We are going to split the train set into a smaller training set and a validation set. The validation set will be used during training to see intermediate performance. Also, we can change the model architecture or hyperparameters and check back with the validation performance what worked best. In this way the test set will be left untouched during the training and development process and will be a real final test to see how our model works.

In [None]:
#from sklearn.model_selection import train_test_split
#x_train, x_val, y_train, y_val = train_test_split(x_train, y_train, test_size=1/6, random_state=44, shuffle=True)

train_set, val_set = torch.utils.data.random_split(mnist_train, [50000,10000])

In [None]:
print('Training set input length:', len(train_set))
print('Training set output length:', len(train_set))
print('Validation set input length:', len(val_set))
print('Validation set output length:', len(val_set))
print('Testing set input length:', len(mnist_test.data))
print('Testing set output length:', len(mnist_test.targets))

*Exercise:*

- *The following snippet of code prints the `i`th image in the train set. Change the value of index `i` below (between 0 and the size of the train set) to see different samples.*

In [None]:
i=5
plt.figure()
plt.imshow(train_set[i][0][0])
plt.title('label: {}'.format(train_set[i][1]));

## **Preparing the data**

An image dataset that can be fed to a neural network usually has 4 dimensions.
- The number of images
- The number of color channels
  - When using color images there are three channels for red, green and blue (RGB).
  - When using black and white there is only 1 channel.
- The number of pixel rows
- The number of pixel columns



*Exercise:*
- *What should the dimensions of the train set be?*

Pytorch has very useful DataLoaders that can be used to feed data to the network when training, validating and testing. As we will see later you can loop over these DataLoader objects to feed the images and labels to your model during train, validation and testing. When creating these DataLoaders we already define the size of the batches that we feed into the model. A batch contains multiple images (e.g. 128) that are fed to the model at the same time. This helps us making more accurate updates to the weights of the model.

In [None]:
# Create DataLoaders

from torch.utils.data import DataLoader

batch_size = 128

trainloader = DataLoader(train_set, batch_size=batch_size,
                                          shuffle=True, num_workers=2)
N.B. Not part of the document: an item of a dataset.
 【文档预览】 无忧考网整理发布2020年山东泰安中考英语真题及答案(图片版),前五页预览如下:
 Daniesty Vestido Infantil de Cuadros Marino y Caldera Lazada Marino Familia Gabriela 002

valloader = DataLoader(val_set, batch_size=batch_size,
                                          shuffle=False, num_workers=2)

testloader = DataLoader(mnist_test, batch_size=batch_size,
                                         shuffle=False, num_workers=2)
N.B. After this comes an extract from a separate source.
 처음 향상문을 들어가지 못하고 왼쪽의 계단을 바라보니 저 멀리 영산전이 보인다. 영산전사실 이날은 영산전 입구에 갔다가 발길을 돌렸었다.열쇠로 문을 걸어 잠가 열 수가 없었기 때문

## **Building a convolutional neural network**

Now that the data is ready, let's build a convolutional neural network (CNN)! In Pytorch, neural networks are class objects. In the '__init__' function you define all the layers that your network will have. In the 'forward' function the different calculations that happen when you feed an image in the network are defined. 
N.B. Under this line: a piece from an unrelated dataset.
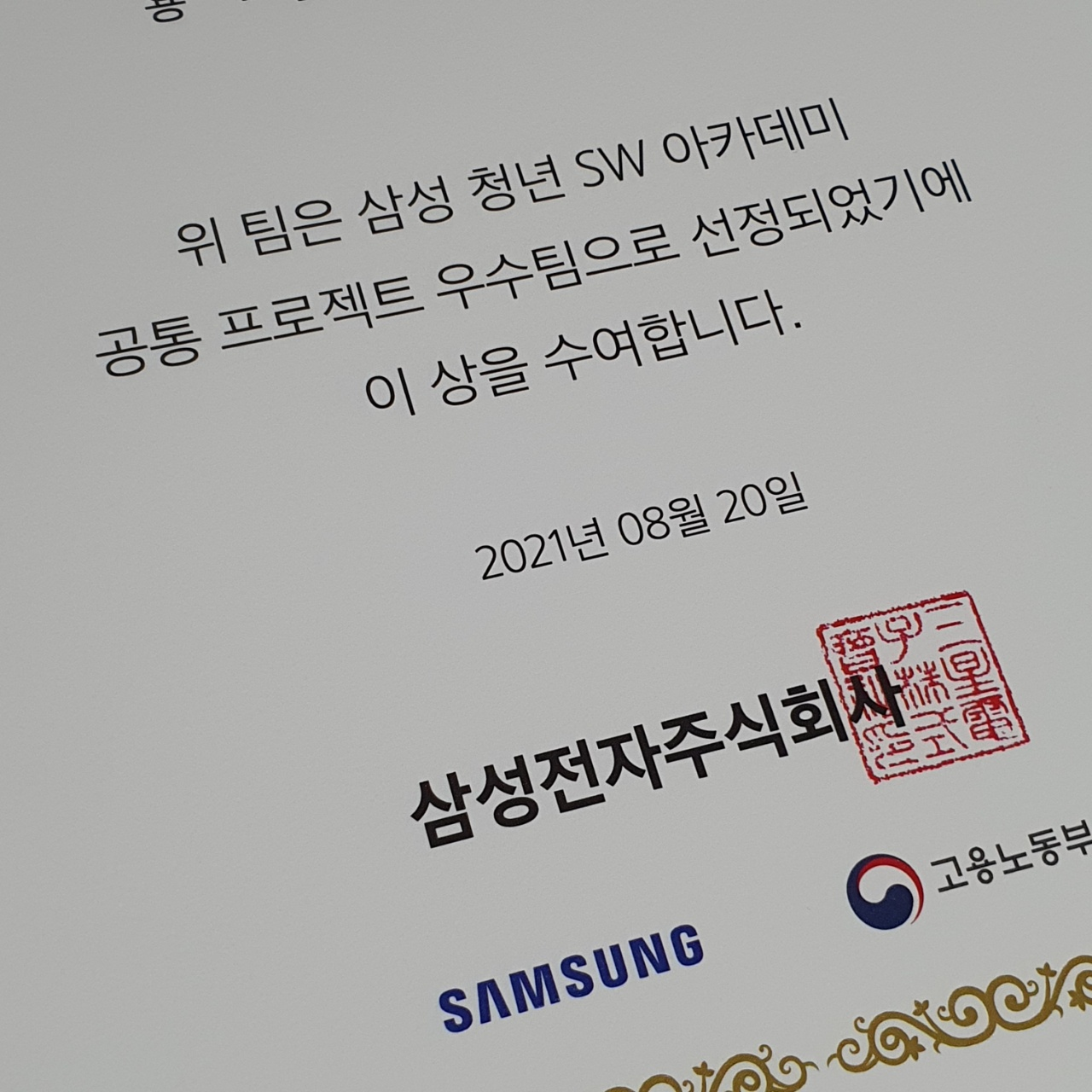 1학기가 끝나고 2학기 시작! 팀도 각자 짜야하고 새로운 분들과 하고 싶어서 나에게 연락준 분에게 헉 저야 감사하죠 하면서 숄랑숄랑 들어간 팀! 진짜 날 뽑아줬던 우리 팀장님 너무 고맙다. 싸피하면서 팀원 운이 없는 사람도 있는데 나는 굉장히 팀원 운이 좋았다. 팀원 분들 성격도 다 좋고 다들 열심히 해서 우리가 기획한 것을 완성할 수 있었다. 그 과정은 엄청 험난하긴 했지만... 어쨋든 반 우승! 삼성전자에서 상 받고 히죽...( ͡° ͜ʖ ͡°)

In the network below we use 2D convolution layers (Conv2d), max pooling layers (MaxPool2d) and linear or dense layers (Linear). Generally, every layer also has an activation function associatied with it. Here we use the Rectified Linear Unit (relu).

In [None]:
import torch.nn as nn
import torch.nn.functional as F
from torchsummary import summary

# Define model
class Net(nn.Module):
    def __init__(self):
        super().__init__()
        self.conv1 = nn.Conv2d(1, 6, 5)
        self.pool = nn.MaxPool2d(2, 2)
        self.conv2 = nn.Conv2d(6, 16, 5)
        self.fc1 = nn.Linear(256, 120)
        self.fc2 = nn.Linear(120, 84)
        self.fc3 = nn.Linear(84, 10)

    def forward(self, x):
        x = self.pool(F.relu(self.conv1(x)))
        x = self.pool(F.relu(self.conv2(x)))
        x = torch.flatten(x, 1) # flatten all dimensions except batch
        x = F.relu(self.fc1(x))
        x = F.relu(self.fc2(x))
        x = self.fc3(x)
        return x


*Exercise:*

- Check out the above neural network. Do you understand the steps that happen in the 'forward' function?
- Why is torch.flatten() needed, do you think?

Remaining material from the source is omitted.